Liputan6.com, Vienna - Kulit manusia amat lunak jika dibandingkan dengan cangkang keras kura-kura. Siapa menyangka, bahwa gen yang penting untuk protein kulit dimiliki oleh nenek moyang dari kura-kura yang juga nenek moyang manusia pada 310 juta tahun lalu.
Dikutip Science Daily, Senin (30/11/2015), studi yang diterbitkan di jurnal Molecular Biology and Evolution menjelaskan bahwa cangkang kura-kura merupakan konsep sukses dari perkembangan evolusioner, dan fungsinya yang untuk membela diri menjadi pembeda kura-kura dan penyu dari reptil lainnya.

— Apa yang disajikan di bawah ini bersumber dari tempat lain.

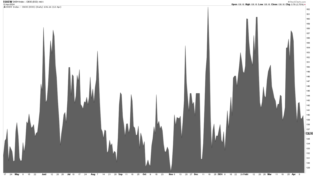 Skew still remains low, dropping from last week. Because we are in monthly options expiration week, the supportive Vanna and Charm flows that come from decaying SPX put options will be subdued as overall put exposure remains low.
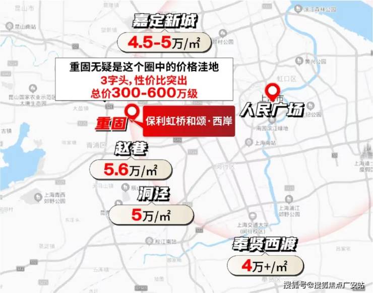 若以市中心为圆心,重固与赵巷、洞泾处于同一半径范围内,但后者房价已达5-5.6万/㎡,而重固仅3字头。
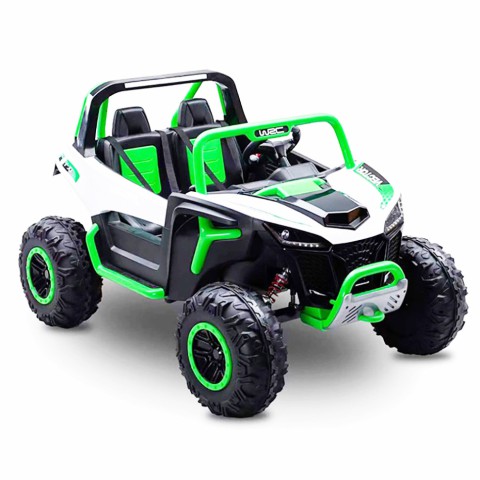 Двомісний дитячий електромобіль M 6066EBLR баггі - це не просто іграшка, а справжній транспорт для активних та веселих прогулянок, він надовго захопить дитину та подарує їй масу радості. Катання на такому баггі відмінно розвиває координацію, покращує навички водіння та дарує малюкові незабутні враження.Дитячий електромобіль баггі M 6066EBLR оснащений плеєром, який підтримує відтворення улюблених треків з флешки або карти пам'яті, наявність музики робить кожну подорож ще веселішою та цікавішою.Артикул M 6066EBLRБренд Bambi RacerТип джипДопустиме навантаження За вагою до 40кг За віком від 3 роківМотор Кількість/V/RPM 2*45W / 12V / Батарея Кількість/V/AH 2*12V7AH Індикатор батареї +Заряджання V/mA 24V/1000mA Час на зарядку 8-12год Індикатор заряджання +Старт Старт з кнопки Звук під час старту + Плавний старт у звичайному режимі +Швидкість км/год 2-5км/год Кількість швидкостей на панелі/на пульті 2/3 Педаль газу + Педаль-гальмо -Світло Фари Передні Підсвічування - Кнопка вмик/вимик світла +Звук Музика MP3+USB Карта пам'яті + Сигнал на кермі BLUETOOTH +Управління Пульт керування 2,4G(STOP BUTTON) Рух вперед/назад важільСидіння кількість місць 2 Ремені безпеки 2-х точкові - 2шт Матеріал екошкіраКолеса Матеріал EVA Простий монтаж +Корпус Матеріал пластик Дах -Амортизатори Передні + Задні +Додаткові функції Двері відчин. +
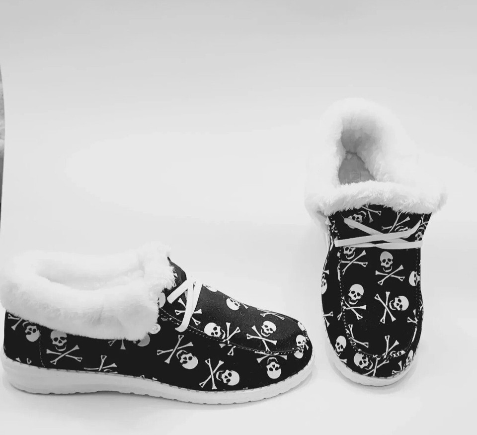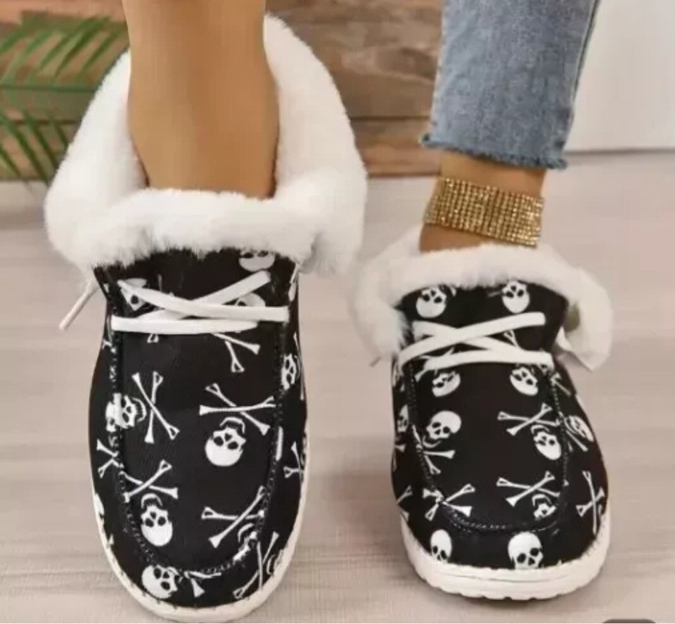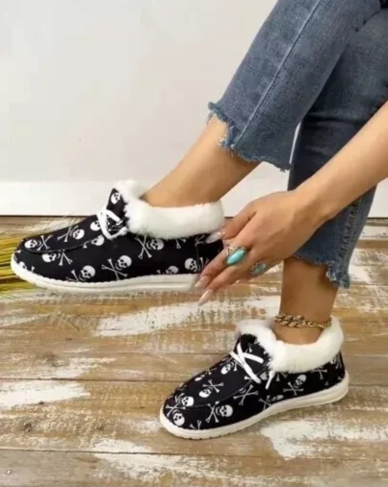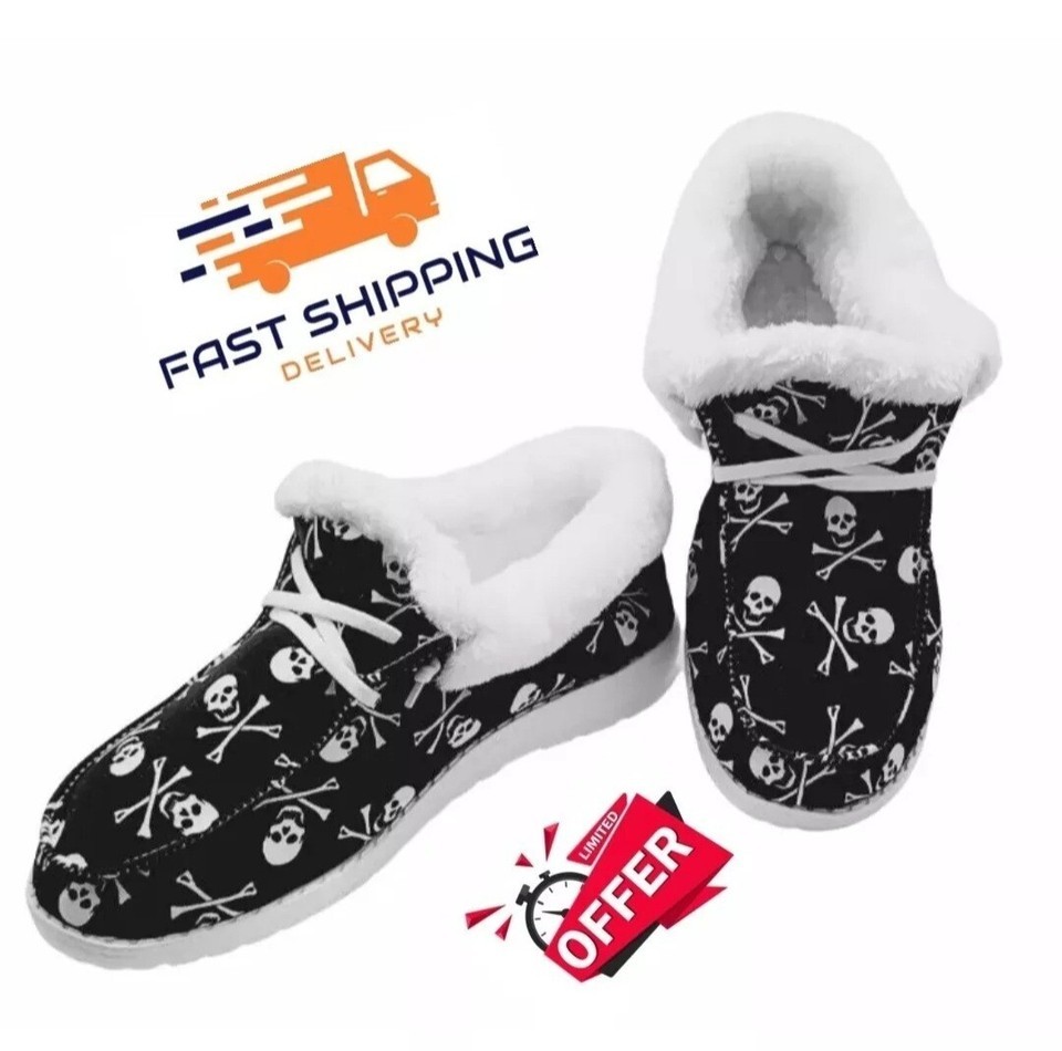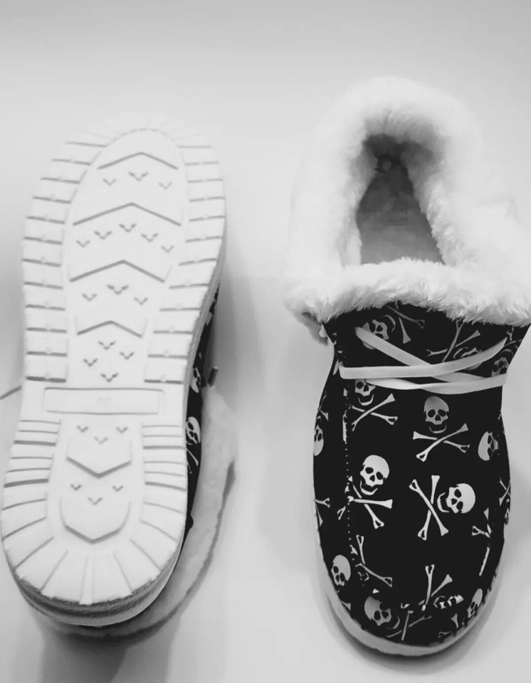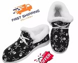 These Snow Shoes are warm ankle boots with lace-up closure for women, perfect for casual and travel occasions during the winter season. The boots feature a round toe shape, flat heel, and are lined, waterproof, lightweight, and comfortable with memory foam and breathable insole. Made of 100% cotton upper material and synthetic insole, these black and white boots are designed for outdoor activities, providing both style and functionality for the cold weather.
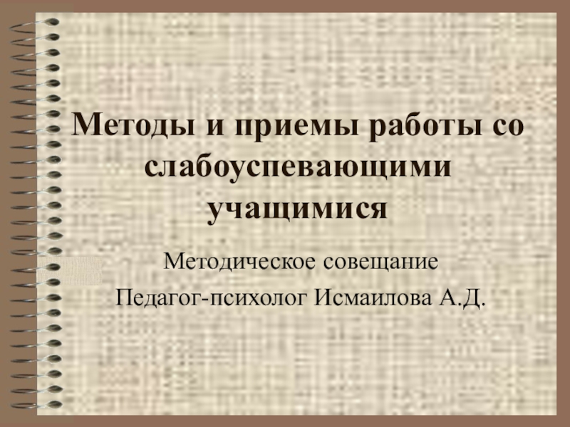 Слайд 1Методы и приемы работы со слабоуспевающими учащимися
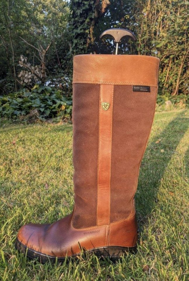 ARIAT WINDERMERE TALL RIDING BOOTS, womens size 6.5.Only used a few times. Cost £185, asking £95 including boot shaper and boot bag.Collect from SO43 7GL or can post at cost.From their website:The Windermere country boot is ready for anything – chores at the yard, an afternoon ride, and more. This refined classic features a stretch gusset for a confident fit and an emblem logo hardware design detail. It's complete with a rider-friendly outsole and is waterproof too.•4LR™ technology for support and cushioning•Breathable Waterproof Pro™ membrane construction with waterproof, full-grain leather and suede upper•Medial stretch fit gusset•Flattering topline with hardware detail•Stirrup friendly outsole•Non-marking, barnyard acid-resisting Duratread™ outsole provides maximum wear resistance and flexibility.
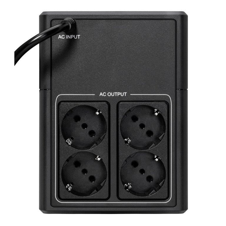 | Speciální funkce | Automatická regulace napětí (AVR) Úspora místa díky kompaktní věžové konstrukci Port USB kompatibilní s HID pro automatickou integraci s hlavními operačními systémy (Windows/Mac OS/Linux) Obsahuje čtyři zásuvky Schuko (DIN) |
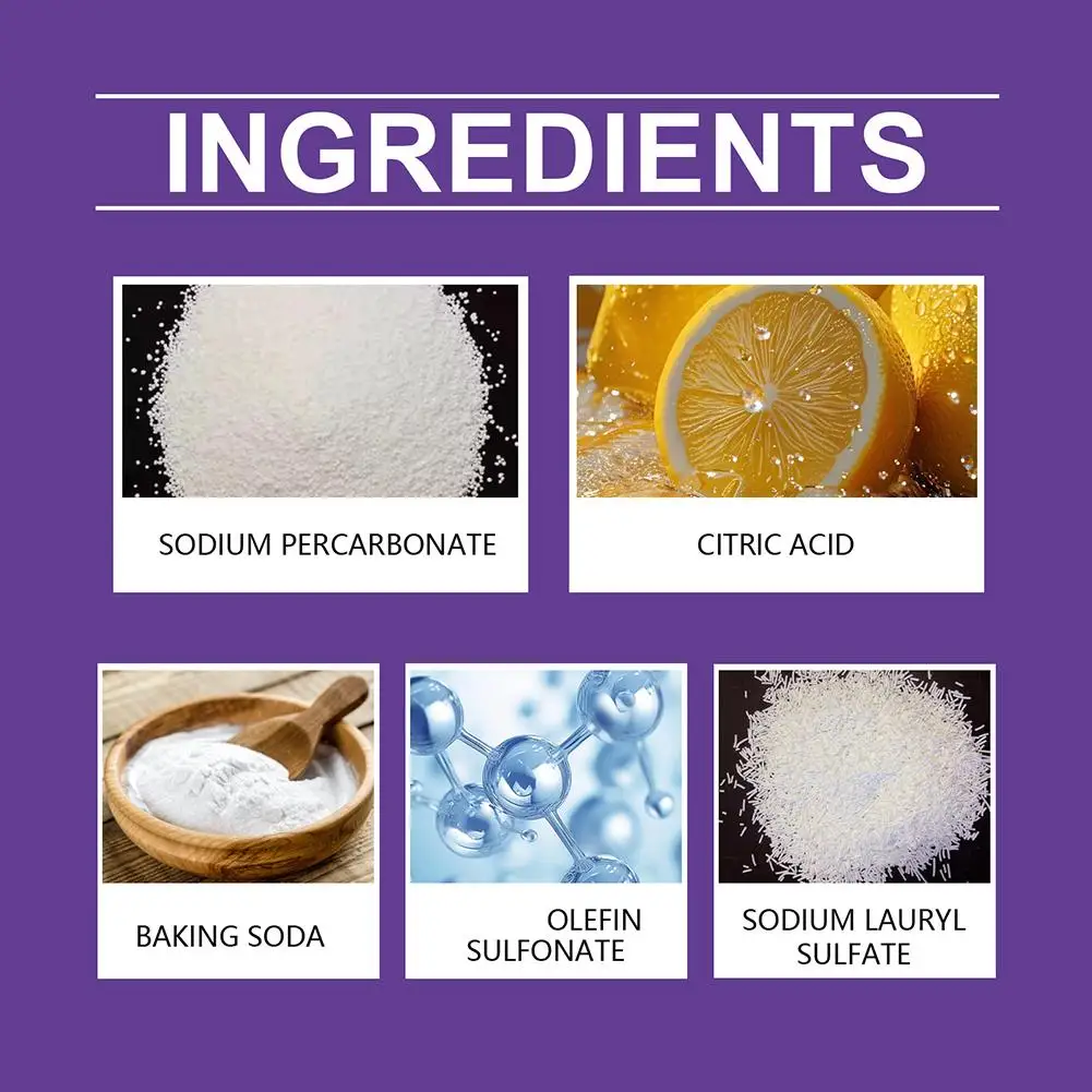 Our toilet decontamination cleaning powder is carefully formulated with sodium percarbonate, citric acid, and baking soda. It is specially designed to help remove the odor of the toilet. It is extremely convenient to use: scoop 1 tablespoon of powder and powder into the toilet. Let it stay for a while to dissolve stubborn stains and dirt. And it has deep penetration and powerful decontamination ability, making your toilet look brand new. It can easily remove dirt, including stains, grease and water stains, without leaving any traces.
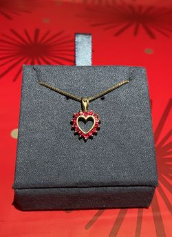 Jared Jewelers / Jewelry Sterling Silver 925 and Gold plated / Heart pendant charm with real rubies necklace$100Mesa, AZ
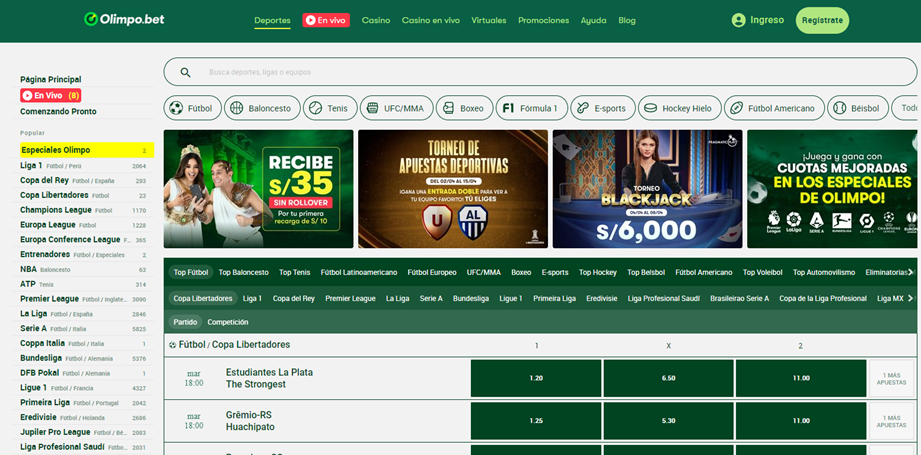 Página principal de Olimpo Bet
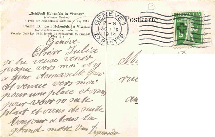 13960888 alte Postkarte Vitznau Witznau Vierwaldstaettersee LU Schloessli Hohenfels 1. Preis der Franziskusheimlotterie in Zug 1914 Kuenstlerkarte postalisch gelaufen Erhaltung siehe scans [FriedD77] KatCode: 11470120385892
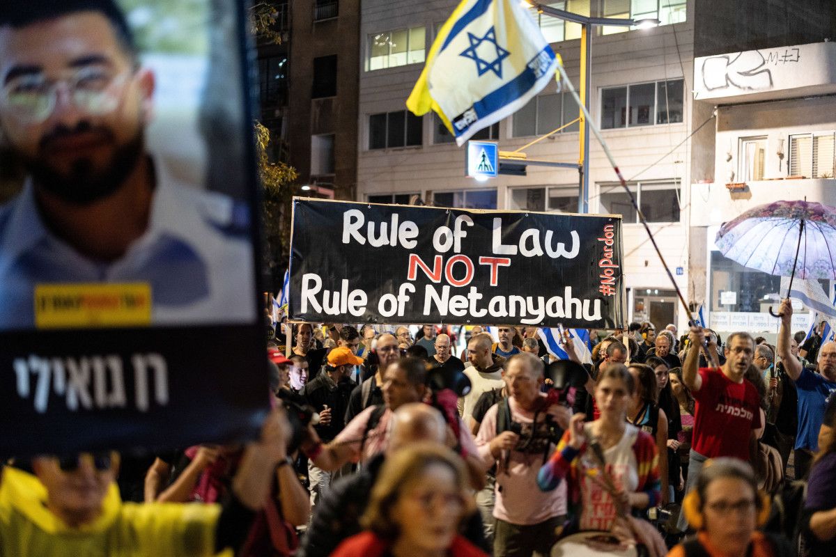 Protestoda, göstericilerin “İsrail, ülkeyi işgal sunağında kurban ediyor” ve “Suçlular hapiste olmalı hükümette değil” yazılı pankart ve dövizler taşıması dikkati çekti.
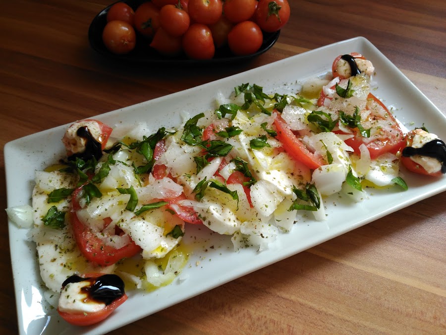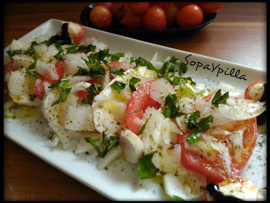 - Disponer a capas en una bandeja, alternando tomate y mozzarella
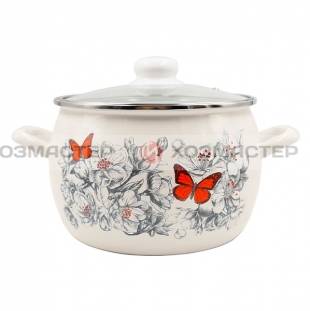 КАСТРЮЛЯ ЭМАЛЬ 3.5Л "ЯБЛОНЕВЫЙ ЦВЕТ" (ЛЫСЬВА)
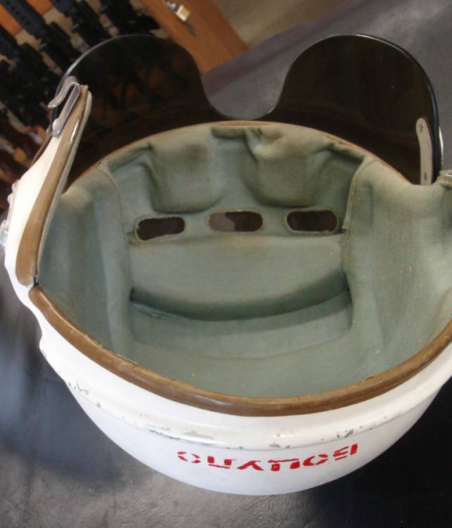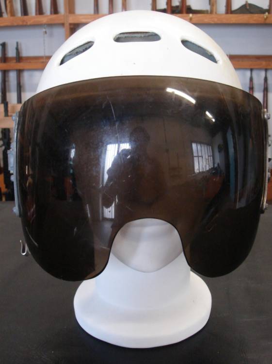 CASCO Mod. ZSh-3M DA PILOTA DI MIG.21 SOVIETICO. ALLUMINIO VERNICIATO BIANCO, CON NOMINATIVO DEL PILOTA IN CARATTERI CIRILLICI, IN ROSSO, SULLA PARTE POSTERIORE. VISIERA MARRONE. PERIODO DELLA GUERRA FREDDA.
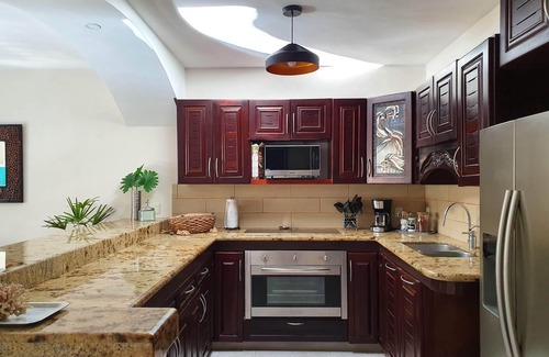 Very spacious with very easy access and private security 24 hours, it has high speed fiber optic internet 150 megabytes, it can go up to 500 megabytes for a minimum extra cost. Two large bedrooms with 3 full bathrooms and very comfortable beds, the kitchen is equipped with everything you need to cook for 8 people, the room is large and comfortable. The 3 TVs have Netflix and two of them with International Satellite HD programming 237 channels. We have a large and comfortable terrace equipped with barbecue grill, laundry area with washer and dryer, there is an OXXO 1 minute walk and large supermarkets just 2 blocks away. The condo has towels, chairs, umbrellas, beach cooler which you can comfortably carry in two carts, in addition to 2 paddle boards included among other things. The rooftop has nice view of the sea and Cozumel Island with its cruises, as well equipped with barbecue and sun beds. Very few offer all these benefits in a totally safe environment.

Dalam studi, grup yang dipimpin oleh Leopold Eckhart menginvestigasi gen yang bertanggung jawab untuk lapisan kulit cangkang kura-kura spesies Eropa terrapin dan Amerika Utara, untuk membandingkan mereka dengan gen kulit manusia.
Advertisement
Penemuan menunjukkan bahwa kerasnya cangkang kura-kura terbentuk dari mutasi di grup gen yang disebut Epidermal Differentiation Complex (EDC). Perbandingan data genome dari beberapa jenis reptil menunjukkan bahwa mutasi EDC yang bertanggung jawab terjadi saat kura-kura terpisah dari reptil lainnya pada 250 juta tahun lalu.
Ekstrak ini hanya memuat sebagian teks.